En realidad, Beethoven unía el arte al honor y al ideal. Quería convertirse en un “gran hombre”, expresión que hoy puede parecernos un poco añeja. Exigía del artista la nobleza de corazón y la sinceridad de sentimientos. Es decir, una cierta libertad de creación en relación con las modas y con la aristocracia. Aunque parezca contradictorio, su música se valía de elementos externos a ella para afirmar con más ímpeto su independencia.

Aunque tuvo protectores a lo largo de toda su vida, como Razumovsky o el príncipe Lichnovsky, era celoso de su independencia artística. Justamente con este último protagonizó un episodio famoso que el tiempo ha terminado por asociar irremediablemente a la intransigencia de Beethoven: durante una visita a un castillo, por entonces en manos de las fuerzas francesas, el príncipe le pidió que tocara algo en el piano para divertir a las tropas. Ofendido en lo más profundo, salió de la habitación e hizo tronar tan fuerte la puerta que el ruido del acto de valentía sacudió toda la ciudad.

Días después le escribió: “Príncipe: usted es lo que es por el azar del nacimiento. Yo soy lo que soy por mí mismo. Príncipes hay y habrá mil más. Pero no hay sino un Beethoven”.

Un gesto heroico que lo podía poner en apuros financieros en una época en que ya estaba sordo y no podía ganarse la vida como intérprete.

Pero peores cosas había padecido.
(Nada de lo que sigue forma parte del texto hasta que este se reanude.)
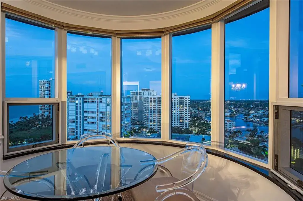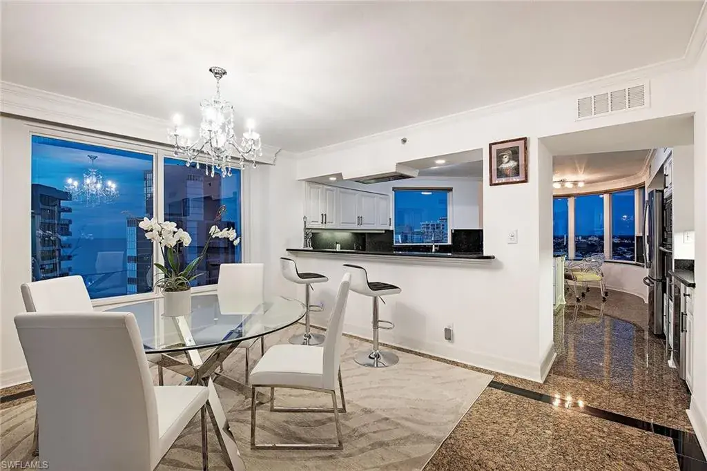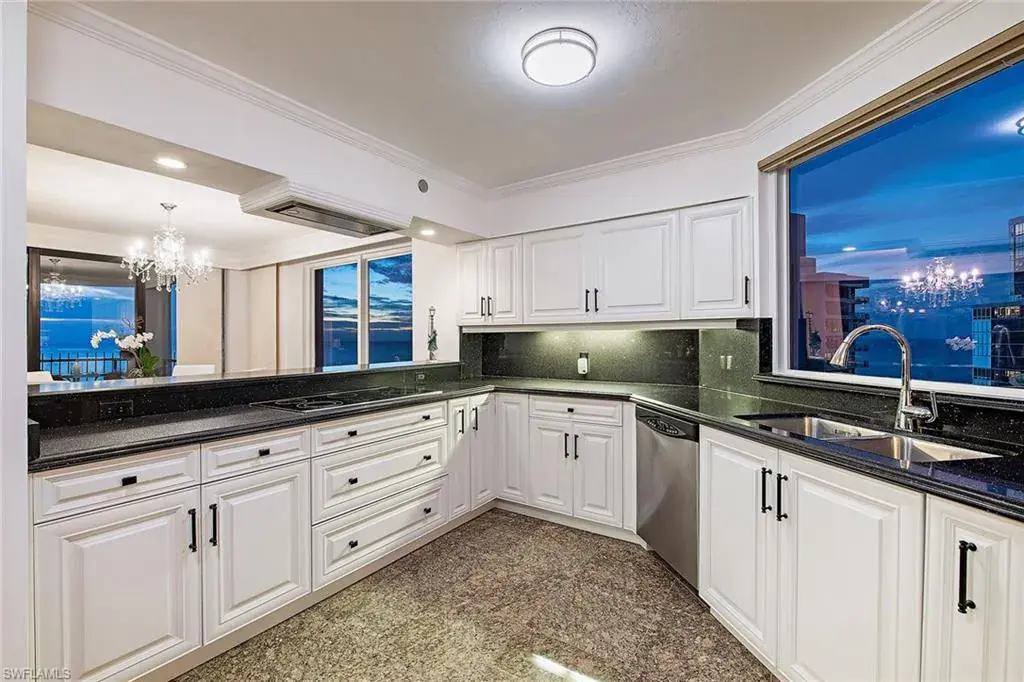 Life is better at the top! Azure Gulf blues and glamorous evening bay and city views highlight this renovated two-bedroom plus den 20th-floor residence. Sophisticated finishes, custom lighting and cabinetry along with rich granite flooring accent the soft, neutral white backgrounds. A spacious chef’s kitchen features expansive quartz countertops and stainless steel appliances surrounded by an abundance of windows bringing in the amazing outdoor setting of the “Park Shore lifestyle.” The primary bedroom includes a large custom walk-in closet, a luxurious bathroom with dual sinks and large soaking tub. The guest quarters enjoy beautiful views and have the added benefit of an en suite bathroom. Park Shore Tower’s stylishly renovated amenities include a fitness room, a resort-style pool with two Jacuzzis, a fire pit, a grilling area and elegant social room ideal for entertaining. 24-hour security and under-building parking add to the feeling of privacy. Perfectly located across from Venetian Village with world-class shopping, dining and a marina for boat and kayak rentals and docks for purchase or rent.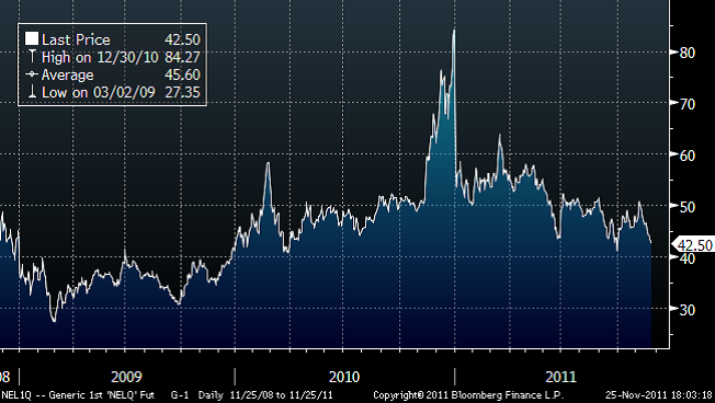 Sentimentet på basmetallerna har försvagats och utöver den svaga utvecklingen på världens börser och en stärkt dollar ser vi något svagare kinesiska siffror. Preliminära PMI siffror för november i landet landar på nivåer under 50 (index över 50 indikerar tillväxt inom industrin) och kanske så lågt som 48. Det har talats mycket om produktionsneddragningar i takt med att deflationsoron tilltar, speciellt på Nickel pig Iron (lågkostnadssubstitut till Nickel), zink och aluminium. På den senare har förvånansvärt lite dragits ned trots att vi handlar en bra bit under marginalkostnadsproduktion. Vad gäller Zink handlar vi ca 25 procent över cash-cost, Nickel 30-35 procent och på Koppar strax över 80 procent över. Nedan en bild på LME Index som tappat 3.65 procent under veckan.

Tres años antes, con sus esperanzas rotas y al borde del suicidio, había redactado lo que hoy se conoce como el testamento de Heiligenstadt. “¡Oh, hombres que me juzgan hostil, testarudo o misántropo! ¡Cuán equivocados están!”, escribía y explicaba el sufrimiento de su vida aislada, al abrigo de las indiscreciones: “cuán duramente fui forzado a reconocer la entonces doblemente realidad de mi sordera, y aun entonces, era imposible para mí, decirles a los hombres: ¡hablen más fuerte! ¡griten!, porque estoy sordo”.

Para fortuna suya (y nuestra), poco tiempo después se hallaba con energías renovadas y con la férrea voluntad de “desafiar el destino”. A partir de ese momento, su vida dio un giro quizá desesperado, pero que lo hizo ir a lo esencial: la experiencia humana, que él sabía contradictoria y sufrida.

La alternancia de movimientos lentos y dolorosos (como la Cavatina, que Beethoven compuso entre lágrimas) y músicas alegres y juguetonas dan buena cuenta de esa naturaleza doble que subyace a la vida y que nadie podría reducir a una sola.

Ya de “viejo” escribió a Maria von Erdödy, amiga y confidente que algunos ven como la misteriosa “Amada inmortal”:

“Nosotros, seres limitados con espíritu infinito, nacimos sólo para la dicha y para el sufrimiento. Y se podría decir que los más eminentes logran hacerse con la dicha a través del sufrimiento”.

Son esas ansias de vivir y de luchar las que aparecen en la mayor parte de sus obras y que nos tocan en lo más profundo como agujas delicadas. Tanto la Quinta como la famosa Novena sinfonía son una batalla encarnizada contra el destino que surge como una célula rítmica, quizá en relación con los golpes que retumbaban en su oído, y que se va deshaciendo hasta dar paso a la alegría. En el concierto para piano N. 5, conocido como “El emperador”, la esperanza se tiñe de ensoñación, tanto que la música parece flotar un momento lejos de la tristeza, antes de volver a caer en la euforia.

Es justamente ese conocimiento del alma humana, esa armonía que une los extremos, lo que hace que su música llegue hasta las fibras más sensibles y se quede engarzada en el corazón.

Con ocasión de los 250 años, el pianista Daniel Baremboim dijo que Beethoven no era “un ser humano, sino un universo humano”, cuyas obras desmenuzaban todos nuestros anhelos, nuestras tristezas y nuestras dichas. Sin él, la música no sería la misma hoy en día. Era un alma grande que había pasado, como un ciclón, por el arte.

Yo recuerdo que, de pequeño, mi madre me ponía las sonatas para piano y los cuartetos para cuerda, sin darme mayores explicaciones, con la esperanza de que fermentaran en mí la sensibilidad y el gusto por la bella música. Lo que no sospechaba era que, al hacerlo, iba a crearme una adicción que, como cualquier otra, se ha vuelto un refugio en los momentos difíciles.

Por eso no dejo pasar ninguna ocasión, como ese día frente a su tumba, o ahora escribiendo estas líneas, para agradecerle por darnos tanta alegría. Esa alegría que a él le fue tan esquiva.